I use the copper rings.

As said above: stop using em.


----------



## Protech (Sep 22, 2008)

I did have problems with the zurn brand ss cinch bands. Never had any problems with the copper crimp rings though.


----------



## Airgap (Dec 18, 2008)

Protech said:


> I did have problems with the zurn brand ss cinch bands. Never had any problems with the copper crimp rings though.


 What kinds of problems have you had with the ss zurn's? I've been using them lately, now I'm wondering.


----------



## PipeDreamer (Mar 26, 2009)

I use 'em all the time, no problem


----------



## Protech (Sep 22, 2008)

Had several leaks on the cinch bands. Don't know why. Never could get the leakers to seal.
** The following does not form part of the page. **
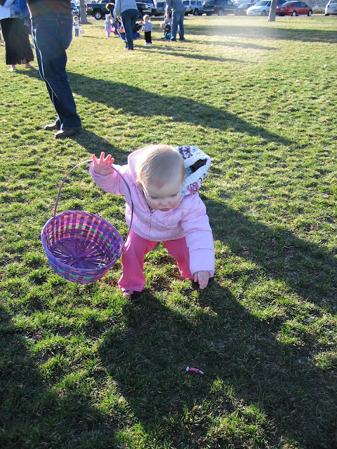 yikes, your kiddo is too cute looking for those eggs!!! (yet another thing I can't wait for Ava to do) Happy Easter!!!!

Dunno. I went back to tried and true copper rings.

Want to buy my pinch crimpers? Only like 50 piches on them.



Airgap said:


> What kinds of problems have you had with the ss zurn's? I've been using them lately, now I'm wondering.


----------



## Airgap (Dec 18, 2008)

Protech said:


> Had several leaks on the cinch bands. Don't know why. Never could get the leakers to seal. Dunno. I went back to tried and true copper rings.
> 
> Want to buy my pinch crimpers? Only like 50 piches on them.


 Well, I just got my own set a couple months ago. Now I'm just gonna have to triple check everything. I just liked the idea of not changing heads. Oh well.


----------



## highpoint (Mar 3, 2009)

I Was In A House Yesterday Changing Out More Q2px19 Stops. The House Is Newer So I Looked In The Mechanical Closet To Check Out The Boiler....omg.....the Clown Put In A 150mbh Baxi With 3/4 Vanex Pex And Those Zurn Pinch Band Things Everywhere. ... . Worst Looking Job I Had Ever Seen. I Couldnt Even Tell The Ho That The Thing Should Serously Be Repiped........(long Story)


----------



## pauliplumber (Feb 9, 2009)

I use the Zurn SS crimp rings and not one leak yet. I don't know how your breaking them as there heavy and tough. There's also the thinner type that covers the whole fitting, but much lighter and thinner and I haven't used them for that reason. Not sure which ones you guys are talking about. I don't use a ton of pex, but this has been my experience so far.


----------



## Airgap (Dec 18, 2008)

pauliplumber said:


> I use the Zurn SS crimp rings and not one leak yet. I don't know how your breaking them as there heavy and tough. There's also the thinner type that covers the whole fitting, but much lighter and thinner and I haven't used them for that reason. Not sure which ones you guys are talking about. I don't use a ton of pex, but this has been my experience so far.


 The one's I use are the narrow ones that are about a 1/4" wide. They have an ear on them where the crimpers grab. One tool does all sizes. i have'nt had any trouble yet either, but I am going to keep an eye out


----------



## pauliplumber (Feb 9, 2009)

Yep same here. They seem really heavy duty, I like em.


----------



## kfosh (Jun 17, 2008)

http://www.zurn.com/operations/pexrh/pdfs/specsheets/ZNPA175.pdf after i had to buy a hardwood floor from using this i quit went to http://www.zurn.com/operations/pexrh/pdfs/techbulletin/ZNPA154.pdf had no prob yet. thinking about going back to Wirsbo PEX. Have never had any prob just slower.


----------



## pauliplumber (Feb 9, 2009)

Thanks for info. I haven't had a leak yet, so I' not sure if I'm ready to switch. I see alot of plumbers using the ones you switched to, so apparently they work well too. They seem paper thin, so that scares me a little.


----------



## CaberTosser (Mar 7, 2013)

I've come across a handful of broken stainless ones in one building. I've never encountered an issue from copper rings that were properly installed. Care to guess which tool I've opted to retire?


----------



## kiddplum (Feb 7, 2010)

*broken cinch clamps*

I have also had some problems with the ssc style crimp rings we got a bunch from winnelson which were generic probably broke 30 out of a 100 tried 3 different tools started using the wider bands but the tool seems a bit more cumbersome still like the thin ones the best


----------



## Redwood (Sep 8, 2008)

Are you twisting the tool as you crimp them?

Never had any problems here....


----------



## Will (Jun 6, 2010)

I'd had leaks also. They are my last resort to use. I keep them on the truck because for repair works they are easier to use than copper crimp or uponor. When I have a choice I do Uponor.


----------